Seven Days in Solitary [09/03/2017]

Our Weekly Roundup of News and Views on Solitary Confinement

by | September 3, 2017

• “An 18-year-old Bronx resident claims in a new lawsuit that workers at a juvenile detention center have been using their teen jailbirds as “sex slaves,’” reported the New York Post. The young man, Franklin Maldonado, said female supervisor Natalie Medford would take him out of segregation and bring him to her office to engage in sexual acts.

• ICE has requested permission to destroy records that document instances of sexual assault, solitary confinement and deaths of people in custody, according to the ACLU. “ICE proposed various timelines for the destruction of these records ranging from 20 years for sexual assault and death records to three years for reports about solitary confinement.”

• A scientific study has shown that people locked up in solitary confinement who watched videos with nature scenes, “felt less stressed and weren’t as violent as those who didn’t,” reported the outlet Nature. The findings were published in the academic journal Frontiers in Ecology and the Environment. “Critics of the study argue that it could be used to justify the continued use of solitary confinement — a practice that some consider too harsh,” noted the Nature article.

• Several news stories came out of Wisconsin. A 16-year-old was held in solitary for more than seven days in violation of a judge’s order prohibiting the practice for that length of time; data was released documenting that guards at the state’s youth prison had pepper sprayed teens 103 times in the first half of this year; and the head of that the state’s youth prison, Wendy Peterson, announced that she would be stepping down from the job. Meanwhile, a state lawmaker called for the state to study alternatives to solitary confinement.
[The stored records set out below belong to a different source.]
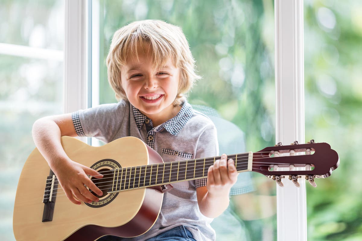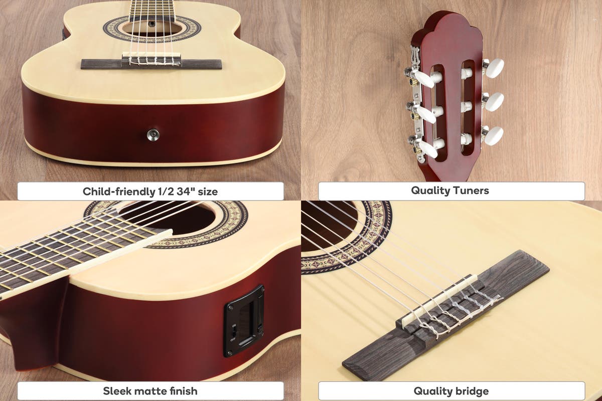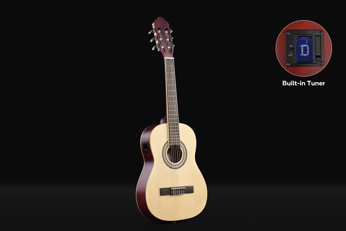 Pluck the strings, play the chords and begin an incredible musical journey with this easy-to-use half-size classical guitar with nylon strings, a cut-away neck and in-built tuner, perfect for people of any skill level.
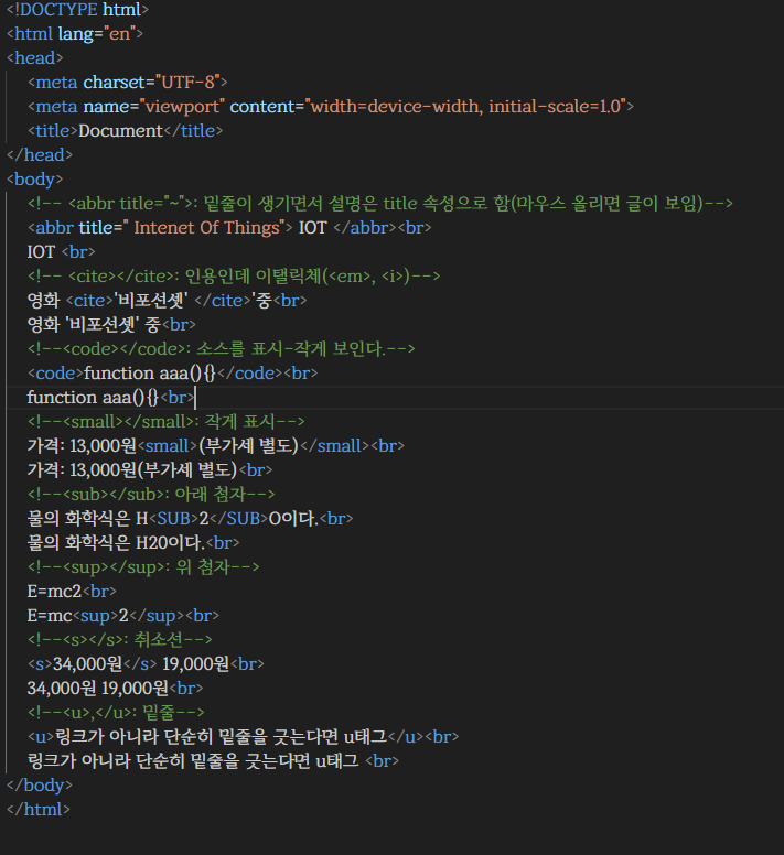 <sub> 요소 내부의 텍스트는 일반 텍스트 라인보다 아래쪽에 절반 크기의 작은 문자로 표현되며,
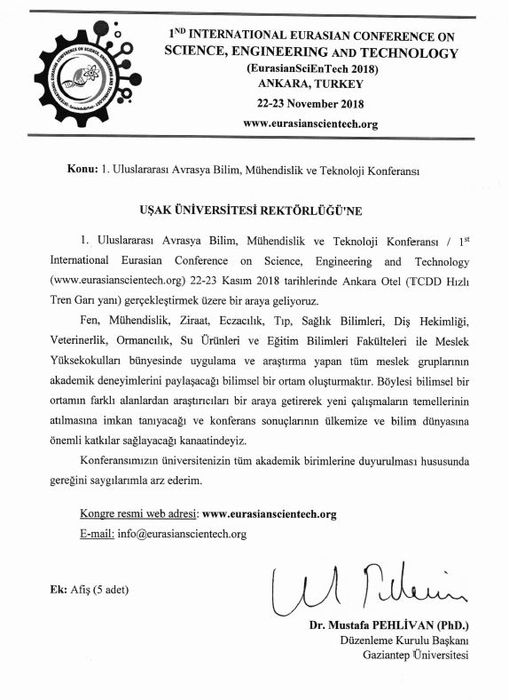 Ana Sayfa / Duyurular / 1. Uluslararası Avrasya Bilim, Mühendislik ve Teknoloji Konferansı

• Some prison officials in Arkansas believe that the state needs more solitary cells, reported a local outlet, although there are no imminent plans to build them. “We need more ways to lock up troublemakers,” said William “Dubs” Byers, a member of the Arkansas Board of Corrections.
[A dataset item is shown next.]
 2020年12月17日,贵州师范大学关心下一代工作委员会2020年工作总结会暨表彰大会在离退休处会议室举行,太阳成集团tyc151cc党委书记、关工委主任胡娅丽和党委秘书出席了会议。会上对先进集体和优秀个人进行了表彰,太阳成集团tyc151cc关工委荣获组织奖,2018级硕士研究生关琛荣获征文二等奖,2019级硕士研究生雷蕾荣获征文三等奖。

• Alleged “jihad recruiter” Ali Charaf Damache pleaded not guilty to terrorism charges at a federal court in Pennsylvania, after what had been a prolonged battle to extradite him to the US. As Courthouse News reported, in 2015 “Justice Aileen Donnelly with the [Irish] High Court in Dublin sank the effort with a 333-page ruling that cited a likelihood that Damache would face solitary confinement and other cruel conditions in U.S. custody. ‘The lack of meaningful judicial review creates a risk of arbitrariness in the detention of the person in solitary confinement and therefore confirms that the prolonged detention in solitary confinement amounts to a breach of constitutional rights,’” she wrote at the time. Damache was later arrested in Spain and extradited to the US from there.